Authorities say it's a miracle two people had only minor injuries after their vehicle plunged hundreds of feet off the road and into a canyon Tuesday in California.
A man and a woman in their early 20s fell about 300 feet when their vehicle veered off the road into Monkey Canyon in Angeles National Forest, about 30 miles northeast of downtown Los Angeles, Los Angeles County Sheriff’s Sgt. John Gilbert said.
The area is notorious for poor cellphone service, but the pair, who were in a Hyundai, were able to alert authorities where they were with iPhone 14 SOS technology that communicated their latitude and longitude to rescuers, Gilbert said, adding that they also used two-way messaging.
“It’s a miracle in several senses,” Gilbert said. “Nearly all of the vehicles that go over the side of the road in that particular area turn out to be fatalities. For them to survive the crash — is a miracle.

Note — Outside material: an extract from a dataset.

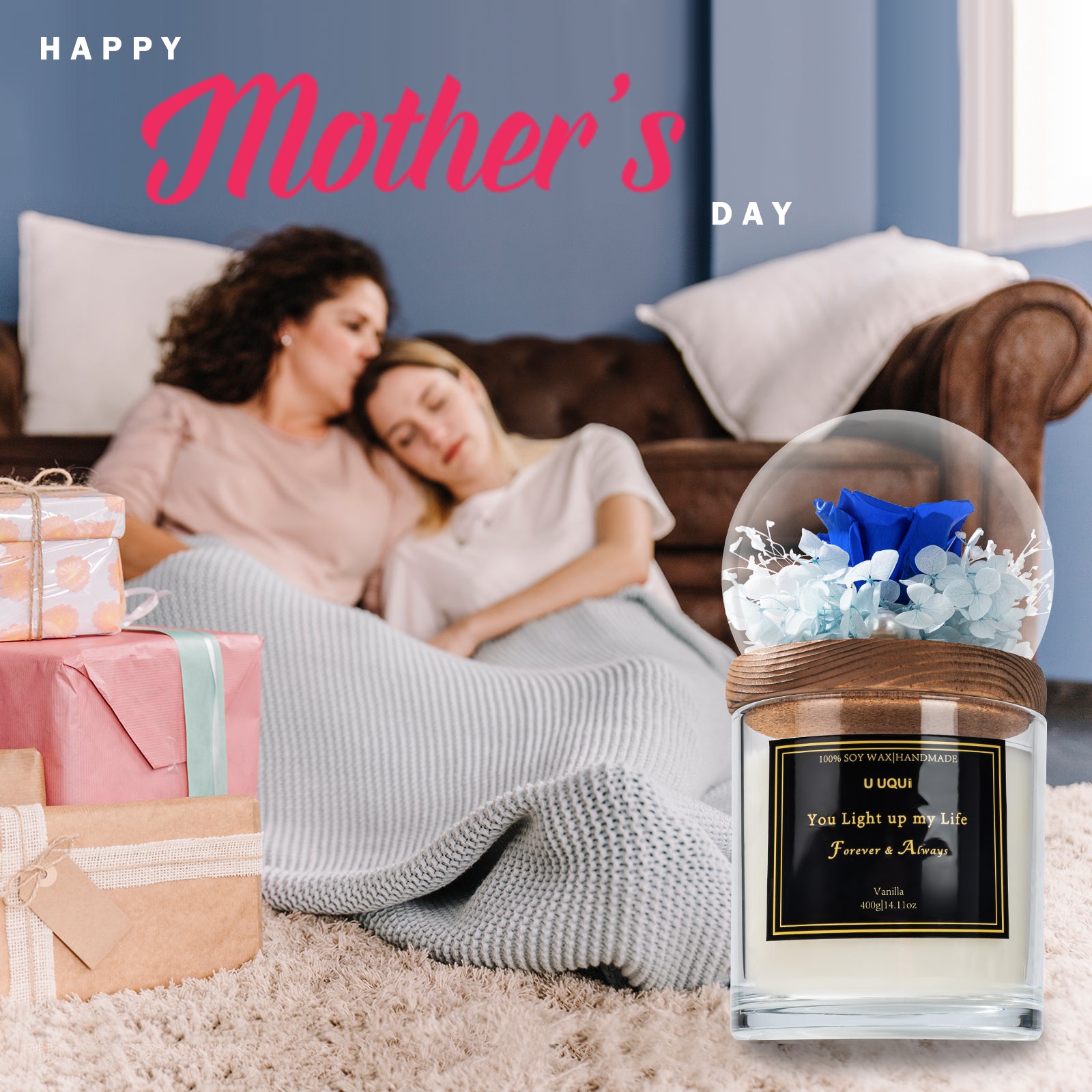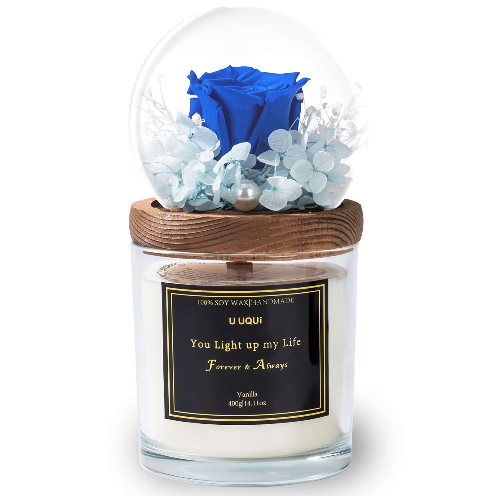 I just adore the idea of the ‘Forever Rose’ that can be admired and enjoyed for years. This arrangement in glass dome above the scented candle is adorable. I would love someone to gift this set to me. It has a fun presentation because of the cute box. The set includes the vanilla cupcake scented candle that had my son convinced I had baked cupcakes. (That’s cute.) The scent is hitting your nose as soon as you open the box. The set also includes a cute card.The candle can be enjoyed for about 70 hours and the rose can last 1-3 years, likely based on the user following the recommendations because that’s a window of time that matters. Naturally, I hope it lasts three years. This gift serves two purposes it is a decorative scented candle a forever rose that can last 1-3 years - a keepsake. The message on the candle relays that the person lights your life. That’s a touching sentiment to convey to someone you value.The rose and the accompanying flowers are beautiful and beautifully preserved. This set includes hydrangeas, baby breath and the rose. I don’t know what the little pink flowers are but they add color and beauty to the arrangement.Additionally, the dome is reusable and so is the jar the candle is in. The images provided by U UQUI are spot on. I look forward to ordering these for myself and as gifts for years.

“The fact they had a piece of technology that survived the crash and it worked as advertised and got rescue to them in a timely manner is another miracle.”
Apple says the iPhone 14 is capable of alerting emergency services using satellites when there is no cellular or Wi-Fi coverage. The service is free for two years after a device is activated.
Had it not been for the smartphone technology, Gilbert said, the two risked hypothermia, because temperatures were expected to drop into the 30s overnight.
“It could have been very likely they would have to spend a cold, wet night,” Gilbert said.
The man and the woman were hoisted into a rescue helicopter. They had minor injuries, Gilbert said, and were taken to a hospital to be examined out of precaution.
The sheriff’s department’s Special Enforcement Bureau tweeted dramatic video and photos of the rescue.
Gilbert said the teams who work in the rescue helicopter are “truly amazing people.”
They generally work with the department’s SWAT team as paramedics but also search for people who are lost, stranded and hurt in remote areas, Gilbert said.